The PMGSY program also has been used by Asher and Novosad (2017, 2020), who show that new roads led to a reallocation of village labor from agriculture to wage labor, by Mukherjee (2011) and Adukia et al. (2020), who examine schooling decisions, by Agarwal et al. (2021) to examine stock market participation, and by Agarwal et al. (2022), who study changes in female entrepreneurship. Shamdasani (2021) and Aggarwal (2018) have also examined the effects of this program on rural households, and find evidence of improvements in productivity for affected villages. Our paper makes three clear contributions relative to these studies. First, while Asher and Novosad (2020) find that in an average rural village in India, which typically lacks access to credit in rural India, roads have little impact on economic outcomes, we show that it is possible to see some benefits of connectivity in regions with better access to finance. This is a key difference: such complementarity between physical and financial infrastructures highlights that policy makers might need to address multiple hindrances simultaneously to spur growth. It also suggests that accounting for the possibility of heterogeneous impact is important for policy evaluation. Second, our outcome of interest—financing responses to productivity shocks—is very different from any of these papers, yet such allocative efficiency issues are first-order in finance. Third, our unique individual-loan-level data set allows us to study who benefits from such financing; this is an independently important question from the point of view of the distributional effects of infrastructure and inequality.

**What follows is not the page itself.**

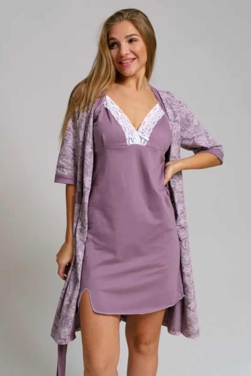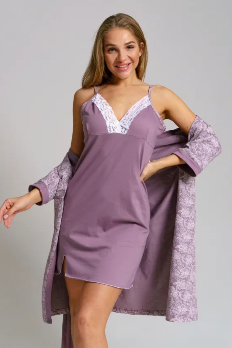 Пеньюар двойка женский "Дарья" 1222-3 кулирка (последний размер) сухая роза 52

Our evidence also adds to extant literature estimating the effects of public infrastructure in low- and middle-income countries. This literature generally finds economically meaningful effects of such projects on a wide range of outcomes. Specifically, transportation infrastructure has been shown to raise the value of agricultural land (Donaldson and Hornbeck 2016), increase agricultural trade and income (Donaldson 2018), reduce the risk of famine (Burgess and Donaldson 2012), increase migration (Morten and Oliveira 2014), and accelerate urban decentralization (Baum-Snow et al. 2017). In addition, the evidence is mixed about whether transportation costs can increase (Ghani et al. 2016, 2017; Storeygard 2016), decrease (Faber 2014) or leave unchanged (Banerjee et al. 2020) growth rates in local economic activity. Relative to these papers, our bank data set allows us to present novel evidence on detailed rural financing outcomes, and our district-level analysis allows us to document the complementarity of physical infrastructure and financial development.

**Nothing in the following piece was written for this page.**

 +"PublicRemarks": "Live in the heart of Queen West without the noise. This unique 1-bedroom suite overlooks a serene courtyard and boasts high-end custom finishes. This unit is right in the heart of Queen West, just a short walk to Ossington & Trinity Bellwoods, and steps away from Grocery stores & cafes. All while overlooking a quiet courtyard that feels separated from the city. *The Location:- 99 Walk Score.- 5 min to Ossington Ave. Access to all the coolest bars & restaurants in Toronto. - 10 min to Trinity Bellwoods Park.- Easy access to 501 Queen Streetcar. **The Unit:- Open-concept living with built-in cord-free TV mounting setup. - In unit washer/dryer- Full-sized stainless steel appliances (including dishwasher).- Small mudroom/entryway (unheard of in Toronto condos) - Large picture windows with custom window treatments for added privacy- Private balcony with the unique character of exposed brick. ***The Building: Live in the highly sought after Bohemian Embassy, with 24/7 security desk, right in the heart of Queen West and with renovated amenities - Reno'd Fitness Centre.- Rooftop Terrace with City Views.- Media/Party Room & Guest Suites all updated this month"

Finally, the empirical literature has often found mixed evidence on the effects of infrastructure on inequality. In a recent survey, Calderon and Serven (2004) note that cross-country empirical studies often find weak and suggestive evidence that infrastructure reduces inequality. Within-country studies, however, offer mixed evidence. For example, Artadi and Sala-I-Martin (2004) find that infrastructure spending may have contributed to income inequality in Africa, whereas Khandker et al. (2009) find that the poorest households in Bangladesh benefitted the most from road improvement projects. Given these mixed results, a clear need for more work on identifying the impact of road construction on local inequality emerges. Section 4 in our paper will take a modest step toward this goal.
1. Data
Our main data source is a proprietary, rural, and bank-account-level data set that we obtained from one of India’s largest private banks. One of the main obstacles limiting research questions like ours is the lack of availability of granular private financing data at the individual level, particularly in the case of small villages. Our data comes from the coastal district of Ganjam in the eastern state of Odisha, and from the mountainous districts of Tehri Garhwal, Uttarkashi, Chamoli, and Garhwal in the northern state of Uttarakhand. Note that while most of our villages within our bandwidth are in Uttarakhand (45 of 58), the density of our bank’s presence (in terms of total amount lent or number of borrowers) is substantially greater in Odisha. For example, of 1,084 villagers with whom the bank has ever had a lending relationship, 792 are from Odisha.3 Our data set contains information on individual accounts and transactions in loans over the period 2009–2014. The data also contain relatively detailed demographic information, such as the borrower’s sex, education, assets, and income, as provided at the time of the bank account opening. The bank further provides asset values and the breakdown of assets on the number of dwellings owned, the type of dwelling (brick or mud), number of livestock, etc. However, the values of these subcategories are not available.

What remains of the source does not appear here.